= Jim Moran (publicist) =

American publicist (1908–1999)

On the Vox Pop radio program for February 4, 1939, publicist Jim Moran was interviewed by Parks Johnson and Wally Butterworth as he prepared to throw eggs at an electric fan.

James Sterling Moran (January 1, 1908 - October 18, 1999) was a publicist, actor, and a press agent for film studios, manufacturers, retailers, Washington politicians from the 1930s to the 1980s. In 1989, Time ranked him as "the supreme master of that most singular marketing device--the publicity stunt."

==Early life==
Born in Woodstock, Virginia, in 1907. Moran was the son of a chimney maker. When he was 12 years old, he was riding a bicycle and was hit by a car. The driver was so relieved to see Moran unharmed that he gave him $100, which Moran immediately used to take a train to New Orleans, returning home two weeks later.

Instead of attending college, Moran took a variety of jobs: a tour guide in Washington, an airline executive and manager of a studio where Congressmen recorded speeches for local radio. Moran married several times but had no children.

==Notable stunts==
His attention-grabbing publicity stunts began in the 1930s. He made his mark when he went to Alaska on behalf of General Electric and sold a refrigerator to an Eskimo. On February 4, 1939, he was interviewed by Parks Johnson and Wally Butterworth on the Vox Pop radio program. Claiming that one must give in to impulsive behavior because inhibitions were "warping" our personalities, he threw eggs at an electric fan.
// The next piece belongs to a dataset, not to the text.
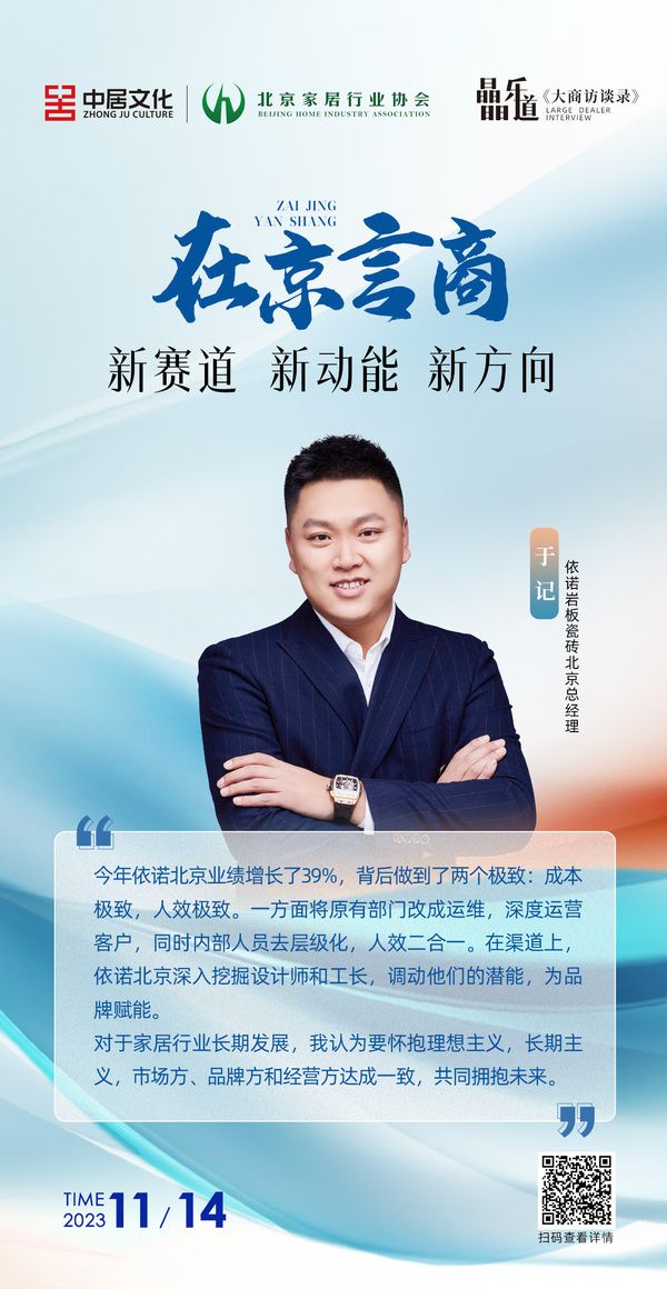 依诺岩板瓷砖北京总经理 于记:今年依诺北京业绩增长了39%,背后做到了两个极致:成本极致,人效极致。一方面将原有部门改成运维,深度运营客户,同时内部人员去层级化,人效二合一。在渠道上,依诺北京深入挖掘设计师和工长,调动他们的潜能,为品牌赋能。

In a Nevada river, during the 1944 Presidential campaign, he changed horses in midstream. Other stunts included walking a bull through a New York City china shop and promoting a real-estate development by spending ten days looking for a needle that had been dropped into a haystack. To publicize the 1947 movie The Egg and I, Moran sat on an ostrich egg for 19 days, four hours and 32 minutes. In the late 1940s, he promoted a Broadway show with a taxi constructed so that a chimpanzee was the apparent driver (with Moran secretly driving from the back seat).

In 1959, for the premiere of The Mouse That Roared, he opened an embassy in Washington for a mythical country. To publicize a candy bar, he planned to fly a midget across Central Park in a kite, but police squelched the stunt, prompting Moran to remark, "'It's a sad day for American capitalism when a man can't fly a midget on a kite over Central Park."

==Radio and film==
He acted in several films: The Body Snatcher (1945), Specter of the Rose (1946), The Mask (1961) and Is There Sex After Death? (1971). He was a panelist on the 1954 TV quiz show What's in a Word? along with Clifton Fadiman, Audrey Meadows, Faye Emerson and Mike Wallace. Moran appeared on The Mike Douglas Show in 1964, and one of his last appearances was promoting the movie Yellowbeard (1983) on Late Night with David Letterman.

Moran's show business and writer friends included Burl Ives, Lee J. Cobb, John Henry Faulk and the humorist H. Allen Smith, who wrote extensively about Moran in his books Lost in the Horse Latitudes (1944) and The Compleat Practical Joker (1953). At age 91, Jim Moran died in an Englewood, New Jersey retirement home on October 18, 1999, survived by his brother, Paul Moran, of Alexandria, Virginia.